Vicini acaba com favorecimento para servidores com filhos em escolas privadas

O desconto na anuidade procedia da taxa de recolhimento de lixo que as escolas particulares deixavam de recolher.

Vicini cancelou emenda ao Código Tributário encaminhada por ele mesmo em 2006, durante seu terceiro mandato.
Vicini cancelou emenda ao Código Tributário encaminhada por ele mesmo em 2006, durante seu terceiro mandato.

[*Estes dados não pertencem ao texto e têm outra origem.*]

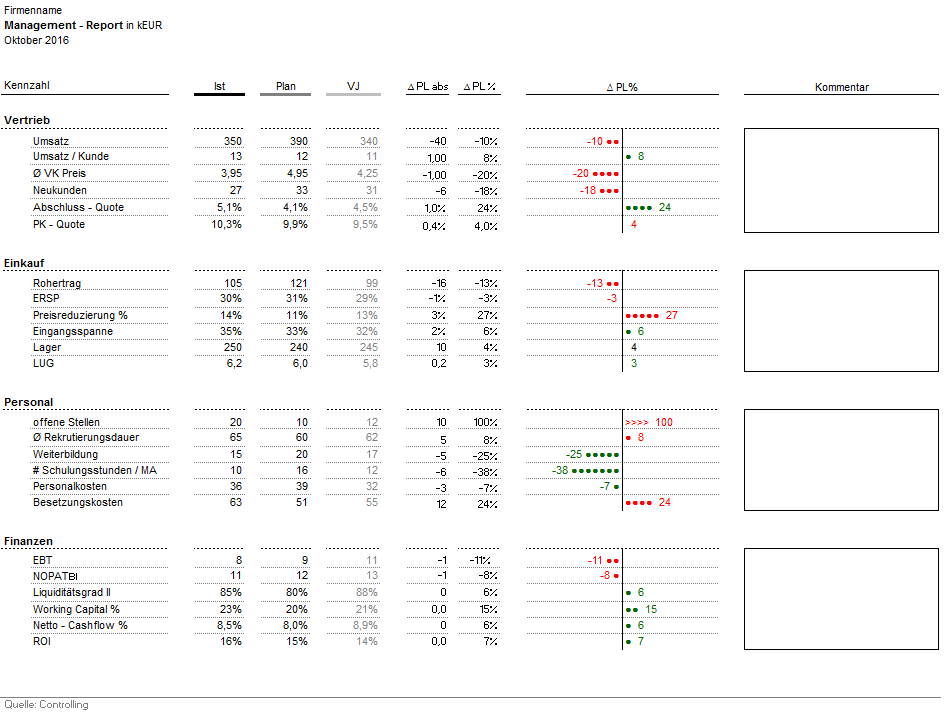 Die Abweichungen werden grafisch mit grüner und roter Farbe in Dashboard-Form hervorgehoben.

Um trenzinho criado por ele próprio, imoral e injusto por não beneficiar servidores de baixos salários que não matriculam filhos em escolas privadas, foi extinto. Uma emenda ao Código Tributário foi encaminhada por Alcides Vicini em 2006, quando exercia seu terceiro mandado. A Câmara de Vereadores aprovou e a benesse foi regulamentada por um decreto de 23 de maio de 2007. De lá para cá, até o ano passado, sempre no mês de janeiro era publicado um edital informando a abertura de prazo para o credenciamento para servidores interessados em participar do rateio de crédito escolar em cinco instituições de ensino particular (eram seis até o Liminha fechar). Também estava prevista a figura dos dependentes.

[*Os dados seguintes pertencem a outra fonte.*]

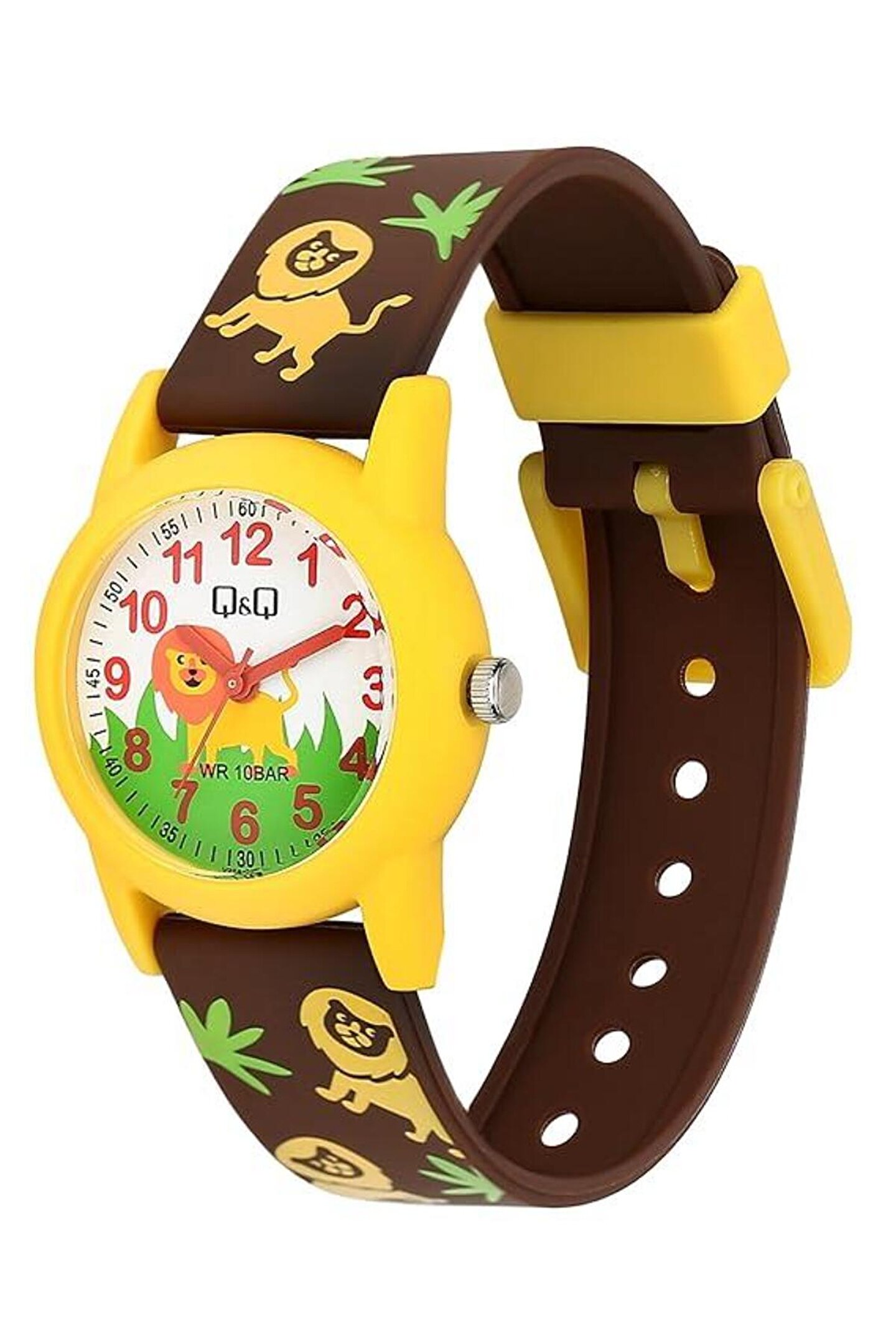 Sitemizde bulunan tüm Q&Q Ürün Modelleri Resmi Distribütör güvencesi altındadır; Alacağınız bu ürün 2 yıl garanti kapsamındadır; Siparişiniz orijinal garanti belgesi, faturası ve kutusu ile anlaşmalı kargo firması tarafından adresinize ücretsiz teslim edilecektir; ÜRÜN BİLGİSİ KASA YAPISI KADRAN YAPISI KORDON YAPISI ÖZELLİKLER Cinsiyet:Çocuk Marka:Q&Q Çalışma Tipi:Pilli Garanti:2 Yıl Kasa Çapı:30 mm Kasa Şekli:Yuvarlak Kasa Materyali:Plastik Kasa Taşı:Yok Kasa Rengi:Sarı Kadran Tipi:Analog Kadran Rengi:Beyaz Kadran Taşı:Yok Kordon Tipi:Silikon Kordon Rengi:Kahverengi Su Geçirmezlik:10 ATM Kronometre:Yok Takvim:Yok Cam:Mineral Alarm:Yok;

O edital, além de ser afixado em todas as secretarias, também era publicado em jornais locais. O desconto na anuidade procedia da taxa de recolhimento de lixo que as escolas particulares deixavam de recolher. Em 2018, por exemplo, cerca de 160 pessoas, a maioria dependentes de servidores, foram contempladas com aproximadamente R$ 150 mil que deixaram de entrar nos cofres públicos.

A benesse foi denunciada na coluna Bem Te Vi da semana passada. A vereadora Sonia Conti (PCdoB), baseando-se na publicação, solicitou explicações ao Executivo através de um pedido de informações aprovado por unanimidade pelo plenário na sessão ordinária de segunda-feira, 25. O assunto tornou-se alvo de consumo público na manhã seguinte, através de entrevista com da vereadora à rádio Noroeste FM. O prefeito Alcides Vicini entrou no ar, mas teve dificuldades para responder com precisão a denúncia. Admitiu, no entanto, não ter sido ‘uma medida recomendável’.

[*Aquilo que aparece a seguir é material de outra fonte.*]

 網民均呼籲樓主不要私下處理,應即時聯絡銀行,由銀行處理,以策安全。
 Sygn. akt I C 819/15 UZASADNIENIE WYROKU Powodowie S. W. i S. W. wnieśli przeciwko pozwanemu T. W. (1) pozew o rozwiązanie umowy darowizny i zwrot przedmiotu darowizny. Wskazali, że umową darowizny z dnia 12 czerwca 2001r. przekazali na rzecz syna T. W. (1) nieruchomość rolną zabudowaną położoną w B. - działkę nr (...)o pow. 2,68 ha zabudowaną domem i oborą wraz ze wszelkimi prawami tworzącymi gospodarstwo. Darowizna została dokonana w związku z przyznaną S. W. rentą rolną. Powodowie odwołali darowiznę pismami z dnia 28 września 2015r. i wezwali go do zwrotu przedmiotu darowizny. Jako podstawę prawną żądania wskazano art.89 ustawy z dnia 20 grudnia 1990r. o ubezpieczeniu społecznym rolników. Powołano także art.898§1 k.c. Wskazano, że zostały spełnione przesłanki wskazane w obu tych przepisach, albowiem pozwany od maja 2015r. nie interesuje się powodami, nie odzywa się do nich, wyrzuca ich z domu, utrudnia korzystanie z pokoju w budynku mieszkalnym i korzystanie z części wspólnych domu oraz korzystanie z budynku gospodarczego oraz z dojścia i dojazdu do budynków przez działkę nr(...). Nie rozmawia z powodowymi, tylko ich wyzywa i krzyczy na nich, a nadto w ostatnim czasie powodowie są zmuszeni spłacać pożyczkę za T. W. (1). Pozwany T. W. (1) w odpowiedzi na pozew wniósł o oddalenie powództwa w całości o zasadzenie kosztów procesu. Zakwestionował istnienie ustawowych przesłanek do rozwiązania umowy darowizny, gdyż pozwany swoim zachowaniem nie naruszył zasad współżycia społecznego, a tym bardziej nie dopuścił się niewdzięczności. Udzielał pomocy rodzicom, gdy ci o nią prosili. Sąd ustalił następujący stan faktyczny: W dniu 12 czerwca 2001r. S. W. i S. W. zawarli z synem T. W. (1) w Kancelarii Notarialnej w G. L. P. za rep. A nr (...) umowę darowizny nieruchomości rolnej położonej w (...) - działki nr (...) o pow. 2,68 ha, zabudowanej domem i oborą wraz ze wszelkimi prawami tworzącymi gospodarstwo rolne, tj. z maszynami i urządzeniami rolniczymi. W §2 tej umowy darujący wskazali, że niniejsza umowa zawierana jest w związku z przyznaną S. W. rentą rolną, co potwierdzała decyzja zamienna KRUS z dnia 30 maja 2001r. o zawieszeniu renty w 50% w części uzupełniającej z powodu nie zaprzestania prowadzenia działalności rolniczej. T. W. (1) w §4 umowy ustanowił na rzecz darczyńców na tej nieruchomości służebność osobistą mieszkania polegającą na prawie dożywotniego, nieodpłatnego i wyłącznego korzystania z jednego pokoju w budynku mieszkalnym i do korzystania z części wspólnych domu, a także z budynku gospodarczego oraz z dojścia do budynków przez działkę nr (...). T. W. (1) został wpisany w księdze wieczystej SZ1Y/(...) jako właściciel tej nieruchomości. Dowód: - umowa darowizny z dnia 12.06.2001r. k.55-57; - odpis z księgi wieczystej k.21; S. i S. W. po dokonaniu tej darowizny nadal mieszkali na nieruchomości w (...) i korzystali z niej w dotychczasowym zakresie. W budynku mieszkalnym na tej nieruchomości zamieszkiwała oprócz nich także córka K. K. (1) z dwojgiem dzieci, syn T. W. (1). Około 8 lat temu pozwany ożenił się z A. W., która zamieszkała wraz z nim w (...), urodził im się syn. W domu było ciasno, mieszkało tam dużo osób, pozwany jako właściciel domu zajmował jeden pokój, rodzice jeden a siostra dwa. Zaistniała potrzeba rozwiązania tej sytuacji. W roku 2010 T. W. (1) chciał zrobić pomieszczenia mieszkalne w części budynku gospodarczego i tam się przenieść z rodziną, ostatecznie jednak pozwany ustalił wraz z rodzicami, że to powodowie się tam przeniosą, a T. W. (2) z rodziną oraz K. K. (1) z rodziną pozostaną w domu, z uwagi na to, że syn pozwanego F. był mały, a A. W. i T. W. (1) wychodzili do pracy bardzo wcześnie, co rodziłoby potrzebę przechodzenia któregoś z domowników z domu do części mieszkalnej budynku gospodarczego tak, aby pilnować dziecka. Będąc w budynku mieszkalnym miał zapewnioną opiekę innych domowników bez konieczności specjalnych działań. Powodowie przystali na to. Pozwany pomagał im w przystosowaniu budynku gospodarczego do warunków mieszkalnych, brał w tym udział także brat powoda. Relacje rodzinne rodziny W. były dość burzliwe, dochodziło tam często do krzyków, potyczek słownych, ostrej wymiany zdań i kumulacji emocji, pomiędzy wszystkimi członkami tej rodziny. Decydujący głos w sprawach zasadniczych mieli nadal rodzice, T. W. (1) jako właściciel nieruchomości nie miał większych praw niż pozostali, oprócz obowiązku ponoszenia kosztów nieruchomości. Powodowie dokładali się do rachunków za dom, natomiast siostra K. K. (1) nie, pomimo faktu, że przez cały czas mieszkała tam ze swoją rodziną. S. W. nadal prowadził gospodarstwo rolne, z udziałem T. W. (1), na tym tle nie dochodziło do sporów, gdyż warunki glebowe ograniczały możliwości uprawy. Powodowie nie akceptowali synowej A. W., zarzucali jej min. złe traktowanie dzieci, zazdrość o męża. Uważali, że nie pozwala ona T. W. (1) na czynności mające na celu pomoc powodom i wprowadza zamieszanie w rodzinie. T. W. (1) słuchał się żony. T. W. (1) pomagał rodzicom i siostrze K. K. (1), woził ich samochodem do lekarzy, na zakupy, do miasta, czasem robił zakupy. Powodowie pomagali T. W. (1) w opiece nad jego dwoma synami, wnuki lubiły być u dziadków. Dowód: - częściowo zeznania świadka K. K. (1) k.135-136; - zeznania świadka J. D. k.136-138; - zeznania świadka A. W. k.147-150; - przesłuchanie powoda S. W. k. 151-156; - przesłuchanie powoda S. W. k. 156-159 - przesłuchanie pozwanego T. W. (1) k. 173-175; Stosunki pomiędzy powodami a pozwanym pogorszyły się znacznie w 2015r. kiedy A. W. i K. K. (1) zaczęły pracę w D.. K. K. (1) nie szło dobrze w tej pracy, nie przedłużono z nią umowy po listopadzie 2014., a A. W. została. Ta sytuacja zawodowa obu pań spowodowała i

Na tarde de quarta-feira a secretária de Gestão e Fazenda, Leila Piekala, orientada por Vicini, veio pessoalmente à redação do Noroeste para responder os questionamentos. Trouxe, inclusive, a lista dos servidores beneficiados (o que dispensamos, para evitar tripudiar em cima dos nomes). Contou que o trenzinho durou 12 anos. Segundo Leila não seria renovado em 2019 por determinação do prefeito.

Perguntada sobre uma estimativa do total de recursos renunciados pelo município para beneficiar apenas um grupo de servidores, respondeu que um levantamento está sendo feito. Veio dela a informação de que em 2018 foram aplicados R$ 150 mil em descontos nas cinco escolas particulares para cerca de 160 estudantes.

A Prefeitura conta hoje com 2,2 mil servidores, o que aponta uma evidente injustiça. Leila admitiu que nenhum servidor dos padrões iniciais (aqueles com baixos salários) foi contemplado com a medida. A média salarial dos beneficiados também não foi fornecida. Os CCs não estão incluídos no decreto.